Cold Steal is a novel that was published in 1939 by Phoebe Atwood Taylor writing as Alice Tilton. It is the third of the eight Leonidas Witherall mysteries.

==Plot summary==

It's a winter day in Dalton (a New England town near Boston) and Leonidas Witherall, "the man who looks like Shakespeare", is returning to his new house, which he's never seen. He's inherited money from an uncle and toured the world, and left plans for his home to be built while on his travels, but now he must return home and produce the next volume of the adventures of Lieutenant Haseltine. On the train to Dalton, he meets a mousy woman named Miss Chard (known to all as Swiss Chard) and a beautiful young woman with a brown paper package and a secret. His new home proves a delight, and it includes a kitchen filled with red appliances, a library with ladders, and a garage complete with the pickaxed corpse of Medora, the crabby next-door neighbor. Leonidas assembles a gang of assistants, including dotty housewife Cassie Price and former car thief Cuff (who has reformed and joined the police force). Together, they defend Witherall's new red refrigerator against thieves, track down the missing envelope of money and bring the murderer to justice.

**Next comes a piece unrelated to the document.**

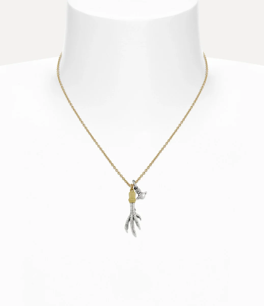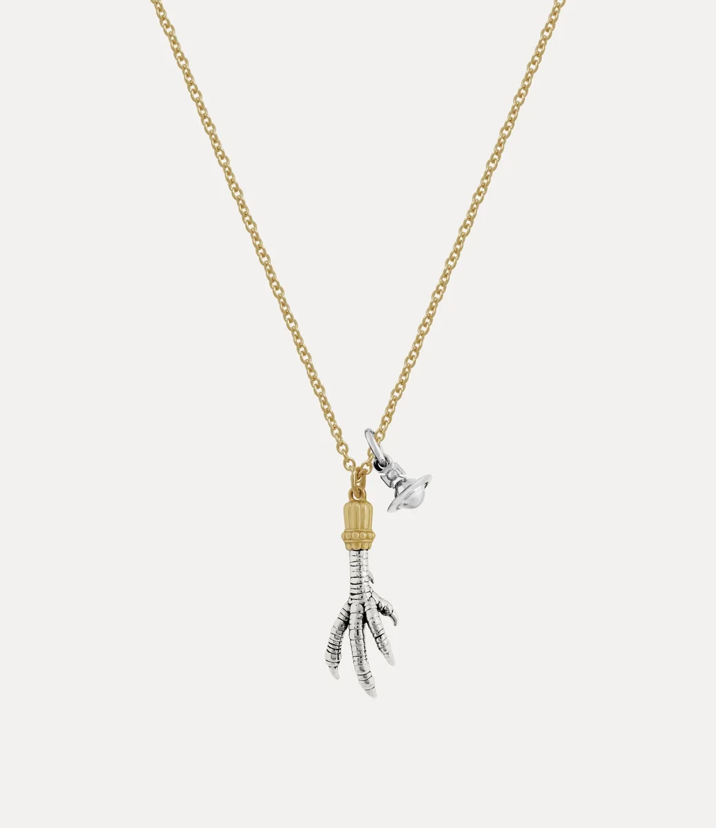 De Joselita hanger ketting is voorzien van het opvallende kippenpootmotief van dit seizoen, een symbool van geluk. De hanger is verrijkt met een zwarte patina om de texturen te benadrukken en heeft een gemengde metalen afwerking met gepolijste plating en een hangende bol, die het ethos van het huis symboliseert om het verleden mee te nemen naar de toekomst.
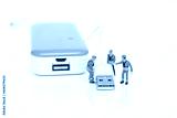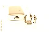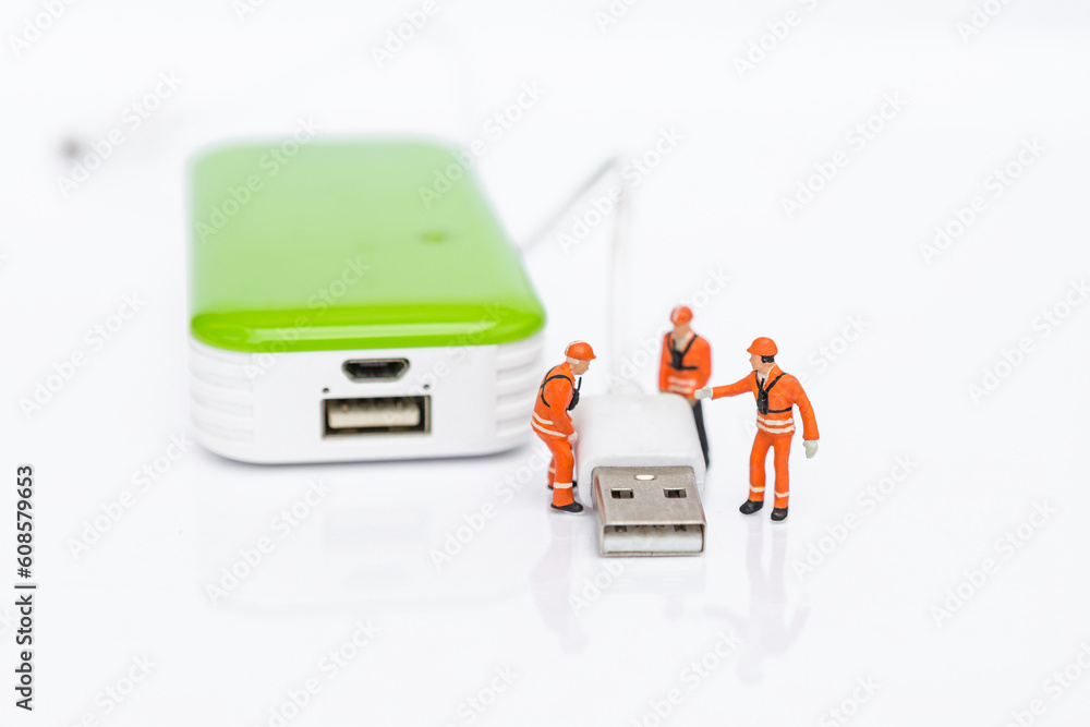 Miniature worker team with USB cable and power bank isolate on white background, energy storage, technology industry

==Literary significance and criticism==
(See Phoebe Atwood Taylor.) This is the third Leonidas Witherall mystery novel and it parallels the humorous tone which was maintained in the other seven.

The adventures of Leonidas Witherall were a short-lived radio series at about the time of this novel. In the novels, Witherall is also the author of a radio series and novels about the adventures of stalwart Lieutenant Hazeltine. Some supporting characters, such as Mrs. Price and Sergeant Cuff from this novel, are found in others as well.